Reflecting on the Stack Overflow connector we built in the previous tutorial, it’s easy to see where it was lacking:

  • We needed to be able to select less popular and more relevant tags, such as cloudant or apache-spark.
  • We needed to be able to pull more than 30 questions.
  • We needed to pull in the questions and the answers to those questions.

It was obvious we needed to extend our connector. The Simple Data Pipe SDK allows us to extend almost every part of the connector, including:

  • Adding custom properties to the connector configuration.
  • Customizing the user interface for managing and running the connector.
  • Massaging or enhancing the data moved from the connector into Cloudant.

Adding Custom Properties

Every pipe created in the Simple Data Pipe has a correspending document stored in the pipe_db database in Cloudant. This document contains information about the type of pipe (i.e., stackoverflow) and the configuration specific to that pipe. Here is a sample document stored for a Stack Overflow pipe:

{
  "_id": "fd1ffa968a467f73ce93d2a4720fdec4",
  "_rev": "28-666e0c198da190afafa275230e935a05",
  "connectorId": "stackoverflow",
  "name": "stackoverflow-html-tag",
  "type": "pipe",
  "version": 1,
  "clientId": "6812",
  "clientSecret": "ShxD2WxxxxxxSHxxJExX5x((",
  "oAuth": {
    "accessToken": "(R38xxxxC8WxxxPMN*Sp8Q))"
  },
  "tables": [
    {
      "name": "javascript",
      "label": "javascript"
    },
    {
      "name": "java",
      "label": "java"
    },
    // ...
    {
      "name": "html",
      "label": "html"
    }
  ],
  "selectedTableName": "html",
  "selectedTableId": "html"
}

The Simple Data Pipe SDK allows connector developers to add and access custom properties on this document. Developers can use those properties in code to make decisions on how to retrieve data from the desired data source.

To get the data that we need from Stack Overflow we are going to add three new properties:

  • customTags: A comma-separated list of tags for questions that should be downloaded from Stack Overflow.
  • questionCount: The number of questions to download for each tag.
  • downloadAnswers: A boolean value specifying whether or not to download the answers for all tags.

Extending the User Interface

In order to provide users the ability to specify custom values for our three new properties (customTags, questionCount, and downloadAnswers) we need to make some changes to the user interface.
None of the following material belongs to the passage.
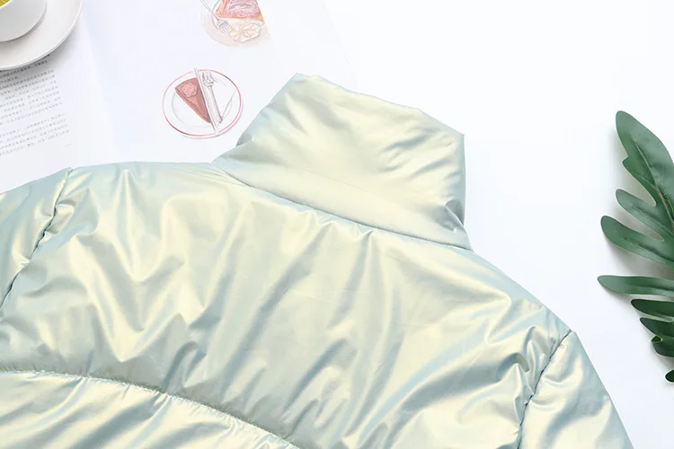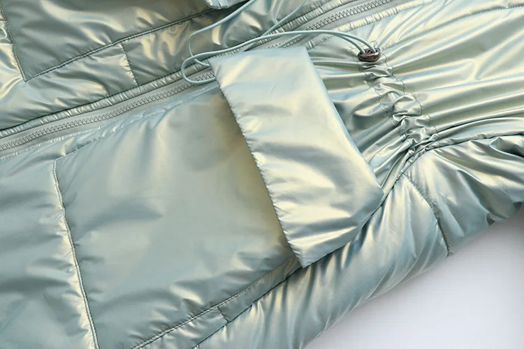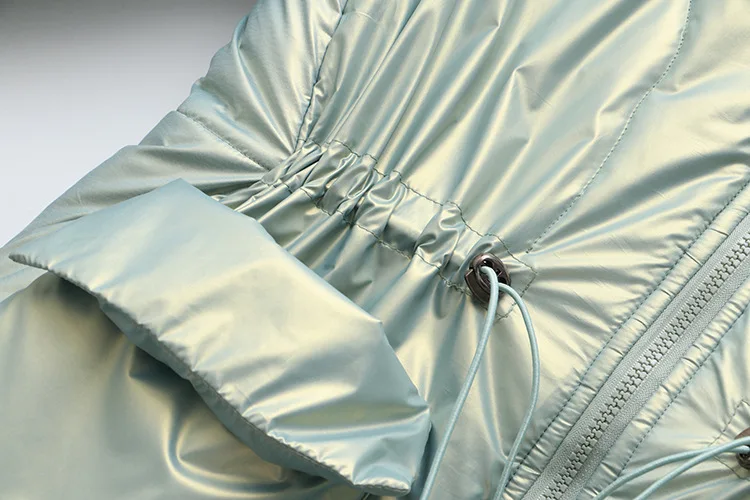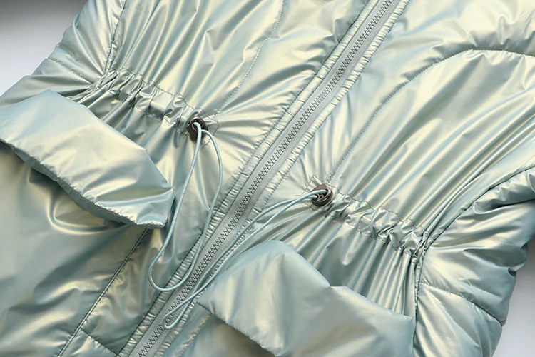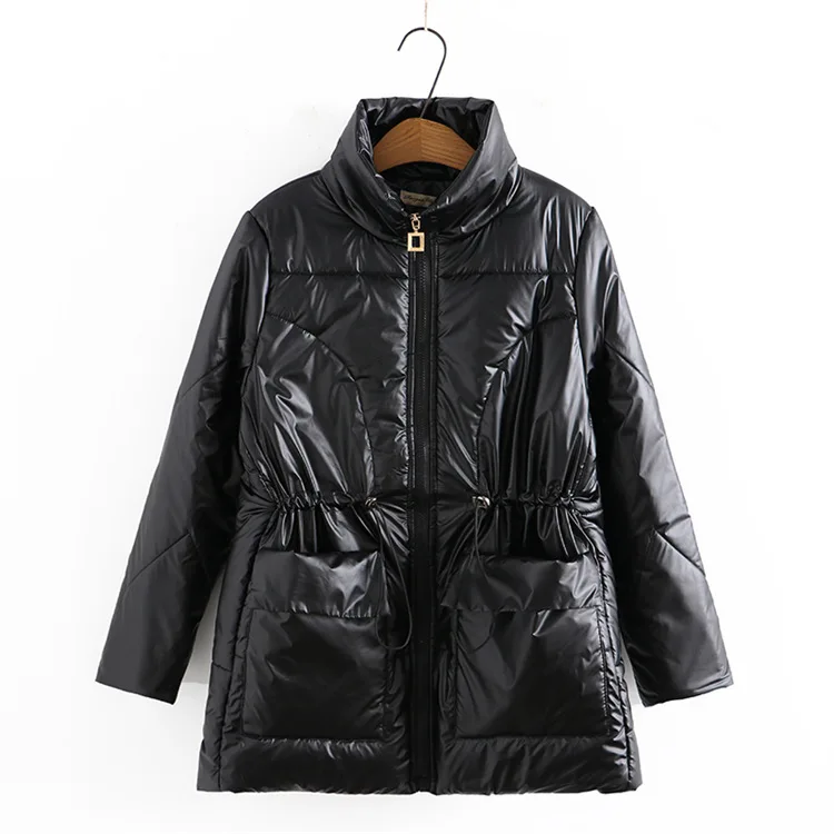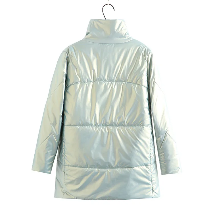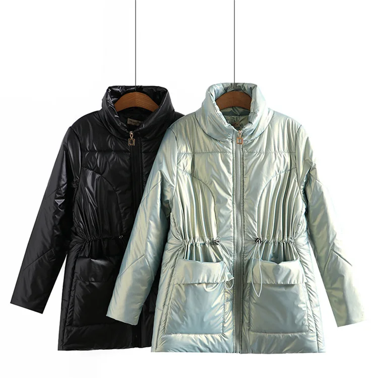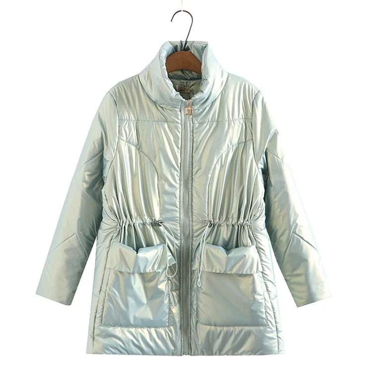 Women Clothing Parka Plus Size Winter Fashion Wadded Jacket Shiny Stand Collar Long Sleeve Thick Warm Padded Coat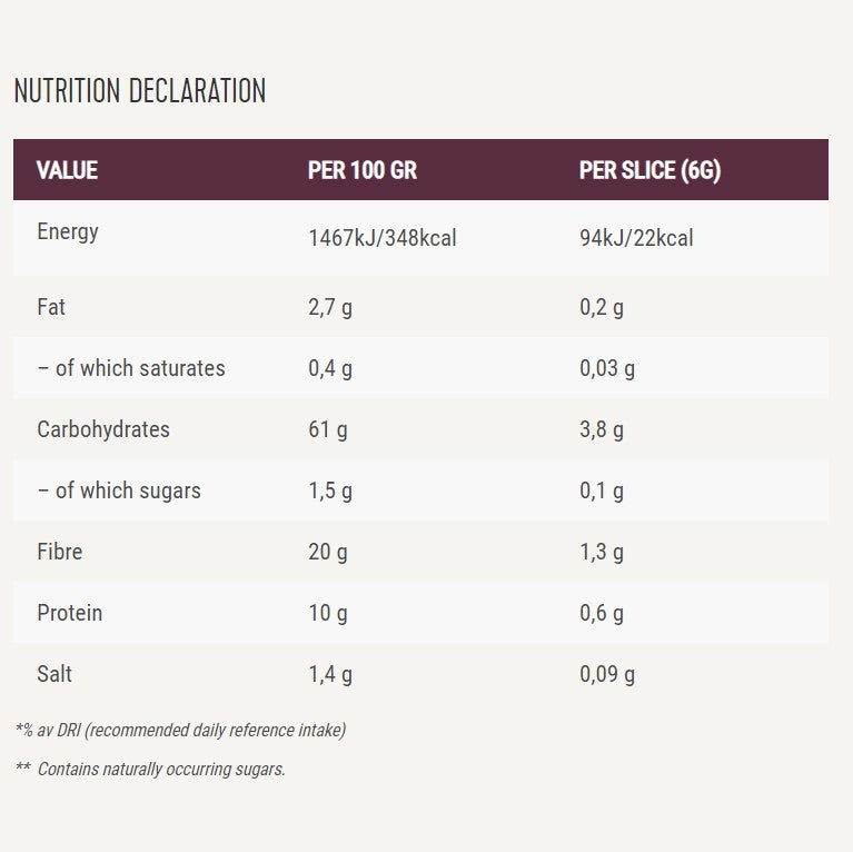 INGREDIENTS: Wholegrain rye flour 94 %, water, salt, yeast, and caraway. May contain traces of sesame seeds.

We are going to customize the Filter page by adding a text field for users to enter the list of custom tags. This will populate our customTags property. We’ll add a pulldown with a list of paging options to populate our questionCount property. Finally, we’ll add a checkbox that will allow a user to specify whether or not to retrieve the answers. This will set our downloadAnswers property.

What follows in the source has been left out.